◆ ACTIVITY: Print all of the data exactly, but drop the pictures.

◆ RECORDED DATA:
*** Begin section ***
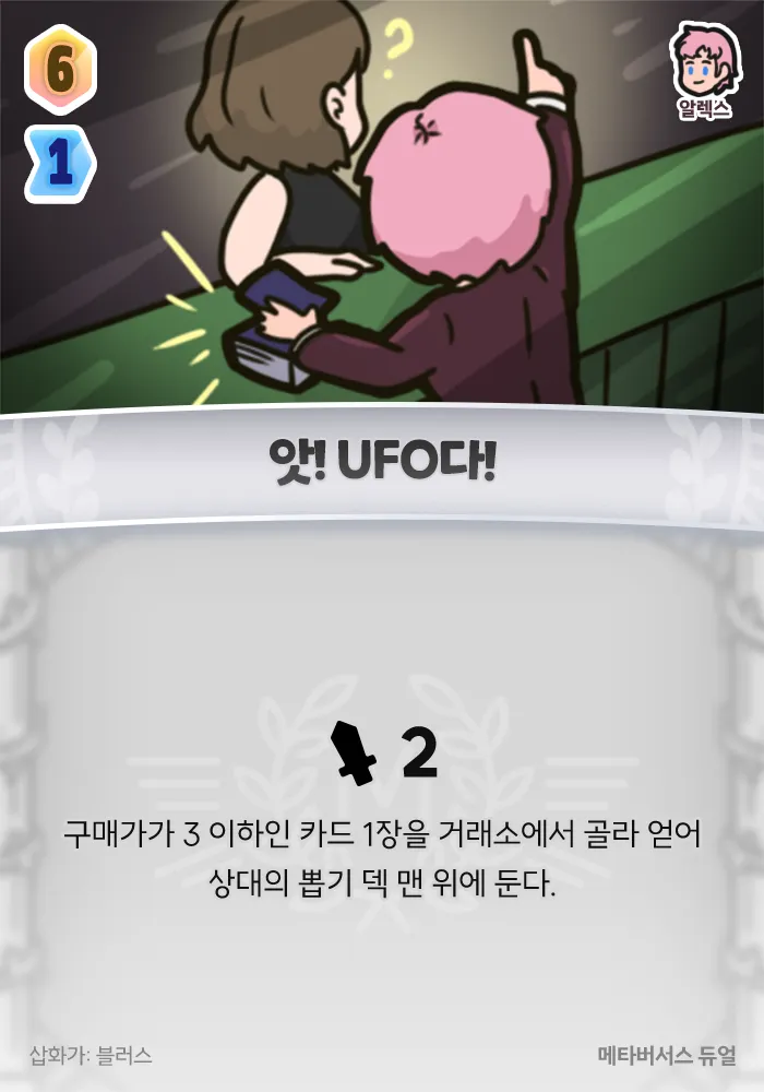 2 피해, 구매가가 3 이하인 카드 1장을 거래소에서 골라 얻어 상대의 뽑기 덱 맨 위에 둔다.
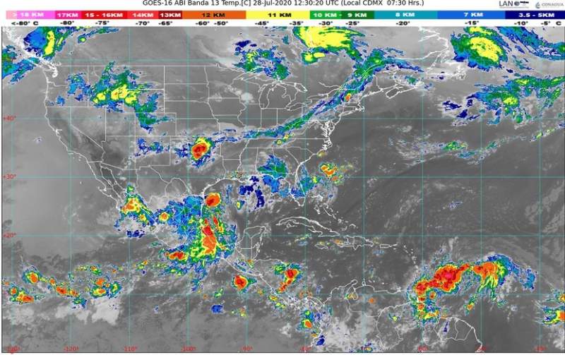 Un sistema de alta presión en niveles medios de la atmósfera mantendrá temperaturas máximas de 45 a 50 grados Celsius en Baja California; de 40 a 45 grados Celsius en Sonora, y de 35 a 40 grados Celsius en Baja California Sur, Campeche, Guerrero, Michoacán, Nayarit, Oaxaca, Quintana Roo, Sinaloa, Tabasco y Yucatán.
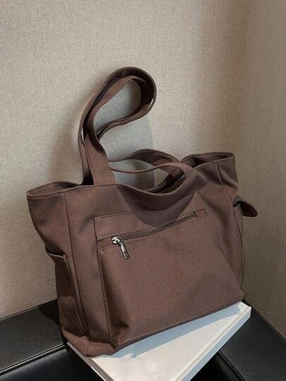 Fashionable & Simple Shoulder Bag Solid Color Large Capacity Commuter/Travel/Shopping Tote With Multiple Pockets - Brown - View 1
*** End section ***
◆ SOLUTION:
 2 피해, 구매가가 3 이하인 카드 1장을 거래소에서 골라 얻어 상대의 뽑기 덱 맨 위에 둔다.
 Un sistema de alta presión en niveles medios de la atmósfera mantendrá temperaturas máximas de 45 a 50 grados Celsius en Baja California; de 40 a 45 grados Celsius en Sonora, y de 35 a 40 grados Celsius en Baja California Sur, Campeche, Guerrero, Michoacán, Nayarit, Oaxaca, Quintana Roo, Sinaloa, Tabasco y Yucatán.
 Fashionable & Simple Shoulder Bag Solid Color Large Capacity Commuter/Travel/Shopping Tote With Multiple Pockets - Brown - View 1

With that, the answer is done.